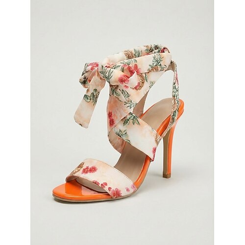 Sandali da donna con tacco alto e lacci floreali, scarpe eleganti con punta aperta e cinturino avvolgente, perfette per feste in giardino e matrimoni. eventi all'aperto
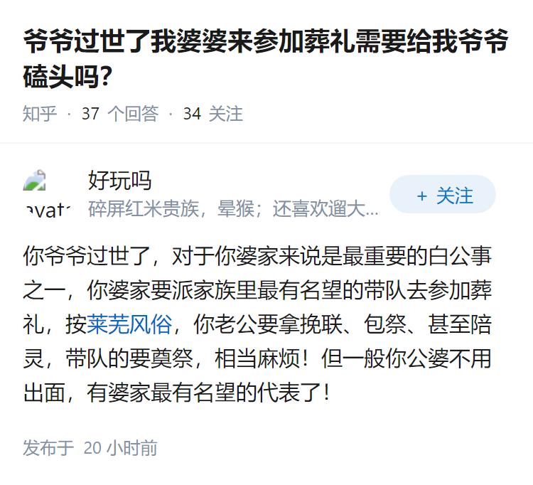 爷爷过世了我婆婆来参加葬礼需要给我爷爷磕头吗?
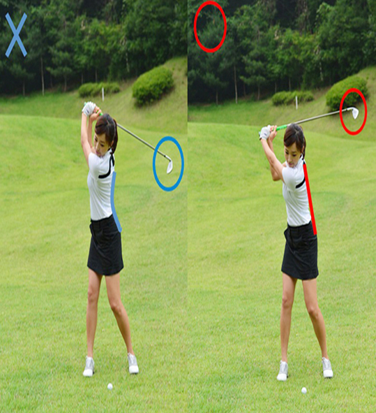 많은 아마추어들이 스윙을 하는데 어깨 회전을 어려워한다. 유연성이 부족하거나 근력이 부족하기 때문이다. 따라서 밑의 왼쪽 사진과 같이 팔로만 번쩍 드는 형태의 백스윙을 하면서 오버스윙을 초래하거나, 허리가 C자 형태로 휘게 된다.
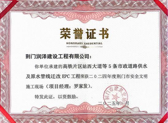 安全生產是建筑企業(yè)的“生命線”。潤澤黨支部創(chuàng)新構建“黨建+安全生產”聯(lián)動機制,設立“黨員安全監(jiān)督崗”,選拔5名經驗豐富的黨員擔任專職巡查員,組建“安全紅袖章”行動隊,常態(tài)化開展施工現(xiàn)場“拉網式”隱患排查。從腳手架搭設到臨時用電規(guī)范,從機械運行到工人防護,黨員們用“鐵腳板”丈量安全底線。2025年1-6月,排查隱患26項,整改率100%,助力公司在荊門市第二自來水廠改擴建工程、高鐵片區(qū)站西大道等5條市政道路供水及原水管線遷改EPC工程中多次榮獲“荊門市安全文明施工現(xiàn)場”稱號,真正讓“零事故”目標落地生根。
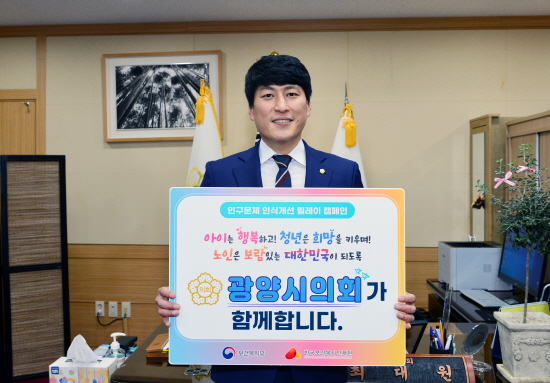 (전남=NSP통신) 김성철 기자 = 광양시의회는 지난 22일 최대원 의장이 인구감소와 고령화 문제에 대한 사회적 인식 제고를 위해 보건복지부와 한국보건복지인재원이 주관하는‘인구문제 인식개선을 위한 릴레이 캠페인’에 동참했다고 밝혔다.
==
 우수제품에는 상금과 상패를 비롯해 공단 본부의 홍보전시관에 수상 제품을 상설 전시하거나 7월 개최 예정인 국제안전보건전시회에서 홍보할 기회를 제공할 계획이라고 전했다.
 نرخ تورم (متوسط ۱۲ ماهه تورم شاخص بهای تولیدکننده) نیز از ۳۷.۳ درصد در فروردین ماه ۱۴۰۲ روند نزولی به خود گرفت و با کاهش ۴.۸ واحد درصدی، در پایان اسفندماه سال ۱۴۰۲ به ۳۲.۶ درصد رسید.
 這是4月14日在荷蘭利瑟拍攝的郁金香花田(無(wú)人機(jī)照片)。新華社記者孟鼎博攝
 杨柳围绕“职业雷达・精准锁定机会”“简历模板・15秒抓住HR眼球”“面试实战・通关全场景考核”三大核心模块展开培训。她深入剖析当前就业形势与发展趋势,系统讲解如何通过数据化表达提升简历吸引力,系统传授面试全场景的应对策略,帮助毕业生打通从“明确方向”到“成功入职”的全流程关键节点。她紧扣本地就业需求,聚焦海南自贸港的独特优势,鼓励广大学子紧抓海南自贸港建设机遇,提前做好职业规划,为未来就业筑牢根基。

== WHAT THE EXERCISE ASKS ==
For this exercise, return exactly the lines above from the line with "Sandali da donna" through the line with "많은 아마추어들이 스윙을", both included. Do not copy the pictures.

== PROBLEM SOLUTION ==
 Sandali da donna con tacco alto e lacci floreali, scarpe eleganti con punta aperta e cinturino avvolgente, perfette per feste in giardino e matrimoni. eventi all'aperto
 爷爷过世了我婆婆来参加葬礼需要给我爷爷磕头吗?
 많은 아마추어들이 스윙을 하는데 어깨 회전을 어려워한다. 유연성이 부족하거나 근력이 부족하기 때문이다. 따라서 밑의 왼쪽 사진과 같이 팔로만 번쩍 드는 형태의 백스윙을 하면서 오버스윙을 초래하거나, 허리가 C자 형태로 휘게 된다.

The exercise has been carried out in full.